Your goal:
Without changing a word, repeat the data, and include no pictures.

----- Material supplied -----

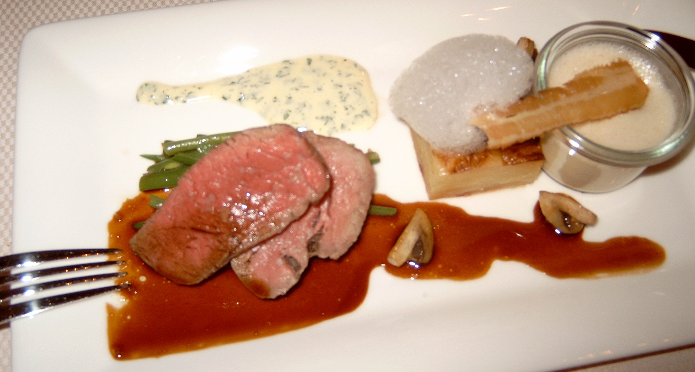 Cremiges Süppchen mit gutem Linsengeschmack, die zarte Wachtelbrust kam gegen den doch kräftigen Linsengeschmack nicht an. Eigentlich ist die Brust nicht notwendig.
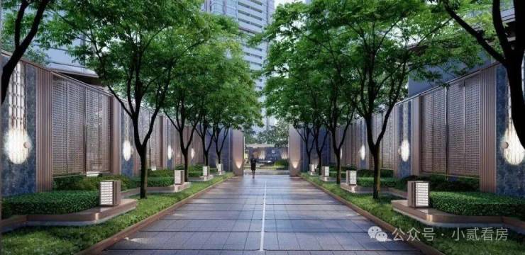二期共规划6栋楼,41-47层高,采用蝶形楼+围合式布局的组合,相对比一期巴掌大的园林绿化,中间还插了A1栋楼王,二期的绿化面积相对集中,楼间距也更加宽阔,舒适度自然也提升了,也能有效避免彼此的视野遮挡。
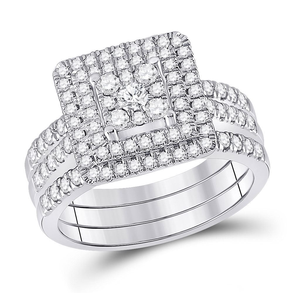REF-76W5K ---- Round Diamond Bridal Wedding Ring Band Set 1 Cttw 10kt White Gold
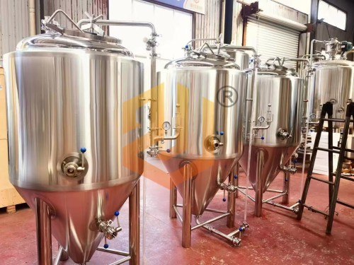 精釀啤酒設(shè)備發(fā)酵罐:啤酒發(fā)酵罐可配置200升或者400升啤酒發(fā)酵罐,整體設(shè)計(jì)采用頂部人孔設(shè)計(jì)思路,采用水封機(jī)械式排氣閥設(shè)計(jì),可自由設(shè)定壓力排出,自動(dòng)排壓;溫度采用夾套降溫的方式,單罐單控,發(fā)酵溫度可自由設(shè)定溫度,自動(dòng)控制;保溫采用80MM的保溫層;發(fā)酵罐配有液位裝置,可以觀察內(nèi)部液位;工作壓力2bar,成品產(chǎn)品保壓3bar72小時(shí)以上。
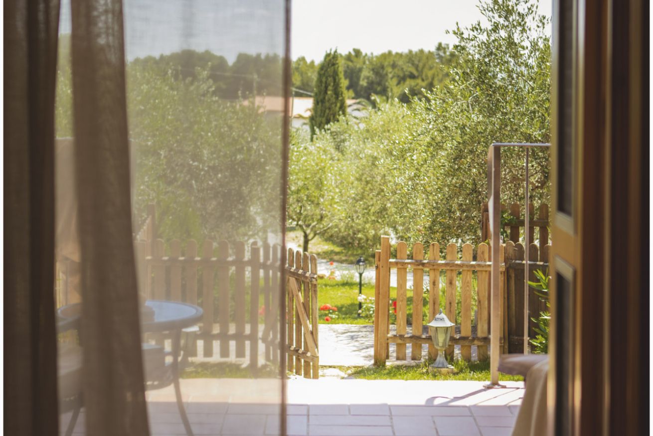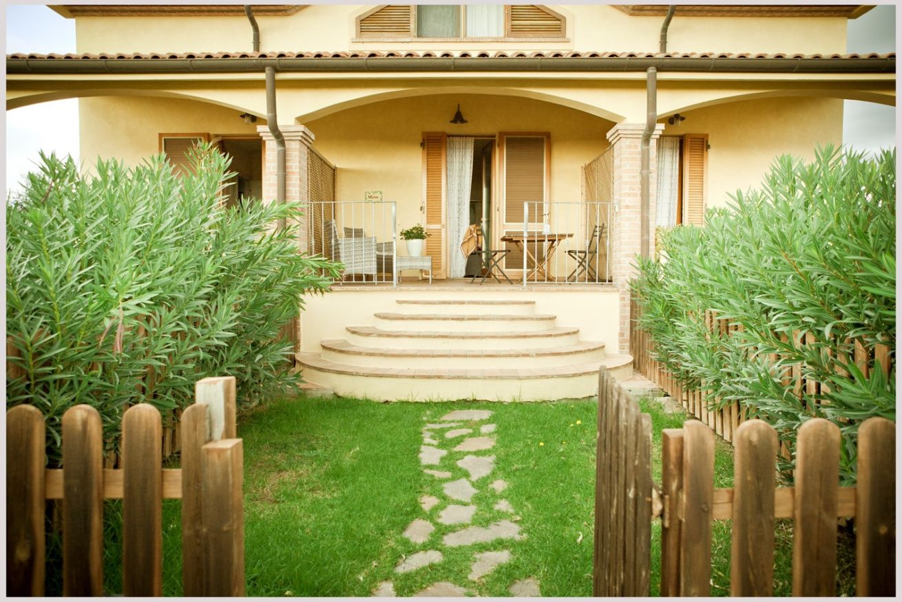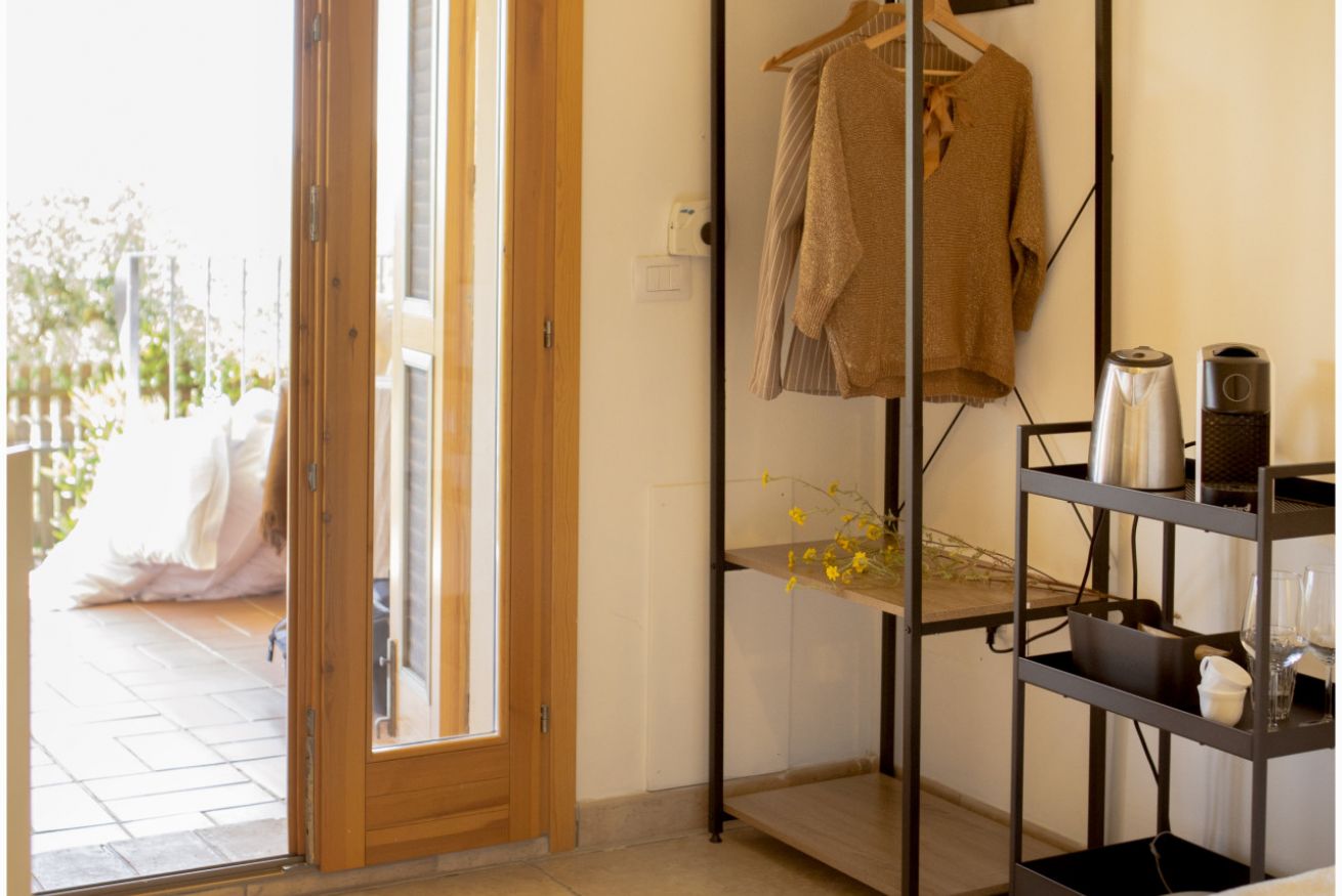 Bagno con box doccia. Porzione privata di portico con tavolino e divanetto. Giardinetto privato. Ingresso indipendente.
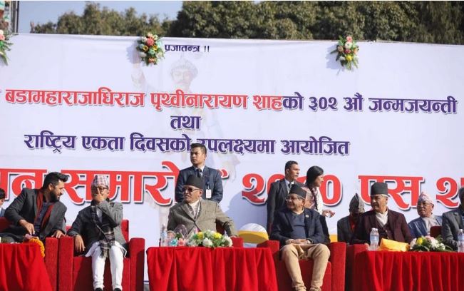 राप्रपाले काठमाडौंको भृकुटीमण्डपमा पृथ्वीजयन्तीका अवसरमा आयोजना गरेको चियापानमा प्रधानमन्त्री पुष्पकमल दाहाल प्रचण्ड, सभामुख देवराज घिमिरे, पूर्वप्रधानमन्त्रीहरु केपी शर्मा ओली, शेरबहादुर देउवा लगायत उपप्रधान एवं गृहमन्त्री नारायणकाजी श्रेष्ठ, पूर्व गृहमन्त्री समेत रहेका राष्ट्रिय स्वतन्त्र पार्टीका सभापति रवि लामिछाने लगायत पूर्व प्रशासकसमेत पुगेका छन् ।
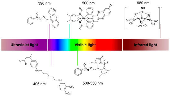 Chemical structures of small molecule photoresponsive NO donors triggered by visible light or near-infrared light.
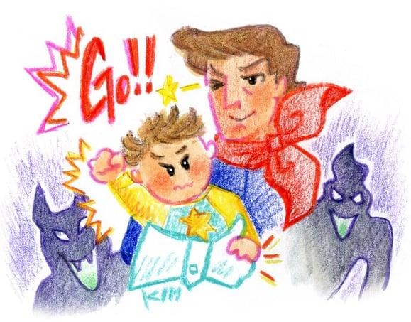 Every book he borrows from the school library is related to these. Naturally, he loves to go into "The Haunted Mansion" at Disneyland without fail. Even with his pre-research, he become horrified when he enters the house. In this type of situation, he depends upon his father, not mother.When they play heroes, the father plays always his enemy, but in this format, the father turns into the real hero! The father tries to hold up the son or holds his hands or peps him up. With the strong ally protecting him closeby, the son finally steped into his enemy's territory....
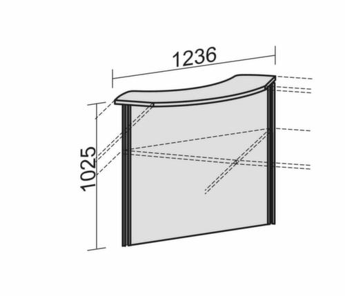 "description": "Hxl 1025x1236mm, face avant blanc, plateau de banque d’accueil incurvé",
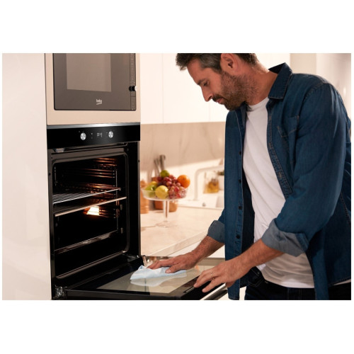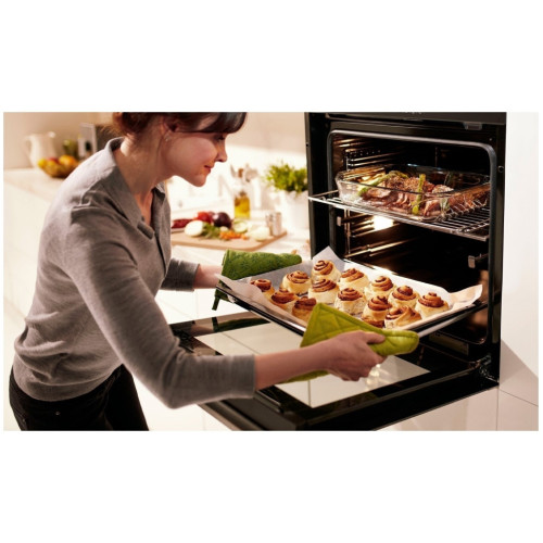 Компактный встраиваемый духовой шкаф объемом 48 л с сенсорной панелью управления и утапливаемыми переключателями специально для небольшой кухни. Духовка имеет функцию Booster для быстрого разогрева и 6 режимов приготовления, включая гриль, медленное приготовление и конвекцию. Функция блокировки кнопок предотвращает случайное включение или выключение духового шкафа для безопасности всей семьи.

-----

Response below:
 Cremiges Süppchen mit gutem Linsengeschmack, die zarte Wachtelbrust kam gegen den doch kräftigen Linsengeschmack nicht an. Eigentlich ist die Brust nicht notwendig.
二期共规划6栋楼,41-47层高,采用蝶形楼+围合式布局的组合,相对比一期巴掌大的园林绿化,中间还插了A1栋楼王,二期的绿化面积相对集中,楼间距也更加宽阔,舒适度自然也提升了,也能有效避免彼此的视野遮挡。
REF-76W5K ---- Round Diamond Bridal Wedding Ring Band Set 1 Cttw 10kt White Gold
 精釀啤酒設(shè)備發(fā)酵罐:啤酒發(fā)酵罐可配置200升或者400升啤酒發(fā)酵罐,整體設(shè)計(jì)采用頂部人孔設(shè)計(jì)思路,采用水封機(jī)械式排氣閥設(shè)計(jì),可自由設(shè)定壓力排出,自動(dòng)排壓;溫度采用夾套降溫的方式,單罐單控,發(fā)酵溫度可自由設(shè)定溫度,自動(dòng)控制;保溫采用80MM的保溫層;發(fā)酵罐配有液位裝置,可以觀察內(nèi)部液位;工作壓力2bar,成品產(chǎn)品保壓3bar72小時(shí)以上。
 Bagno con box doccia. Porzione privata di portico con tavolino e divanetto. Giardinetto privato. Ingresso indipendente.
 राप्रपाले काठमाडौंको भृकुटीमण्डपमा पृथ्वीजयन्तीका अवसरमा आयोजना गरेको चियापानमा प्रधानमन्त्री पुष्पकमल दाहाल प्रचण्ड, सभामुख देवराज घिमिरे, पूर्वप्रधानमन्त्रीहरु केपी शर्मा ओली, शेरबहादुर देउवा लगायत उपप्रधान एवं गृहमन्त्री नारायणकाजी श्रेष्ठ, पूर्व गृहमन्त्री समेत रहेका राष्ट्रिय स्वतन्त्र पार्टीका सभापति रवि लामिछाने लगायत पूर्व प्रशासकसमेत पुगेका छन् ।
 Chemical structures of small molecule photoresponsive NO donors triggered by visible light or near-infrared light.
 Every book he borrows from the school library is related to these. Naturally, he loves to go into "The Haunted Mansion" at Disneyland without fail. Even with his pre-research, he become horrified when he enters the house. In this type of situation, he depends upon his father, not mother.When they play heroes, the father plays always his enemy, but in this format, the father turns into the real hero! The father tries to hold up the son or holds his hands or peps him up. With the strong ally protecting him closeby, the son finally steped into his enemy's territory....
 "description": "Hxl 1025x1236mm, face avant blanc, plateau de banque d’accueil incurvé",
 Компактный встраиваемый духовой шкаф объемом 48 л с сенсорной панелью управления и утапливаемыми переключателями специально для небольшой кухни. Духовка имеет функцию Booster для быстрого разогрева и 6 режимов приготовления, включая гриль, медленное приготовление и конвекцию. Функция блокировки кнопок предотвращает случайное включение или выключение духового шкафа для безопасности всей семьи.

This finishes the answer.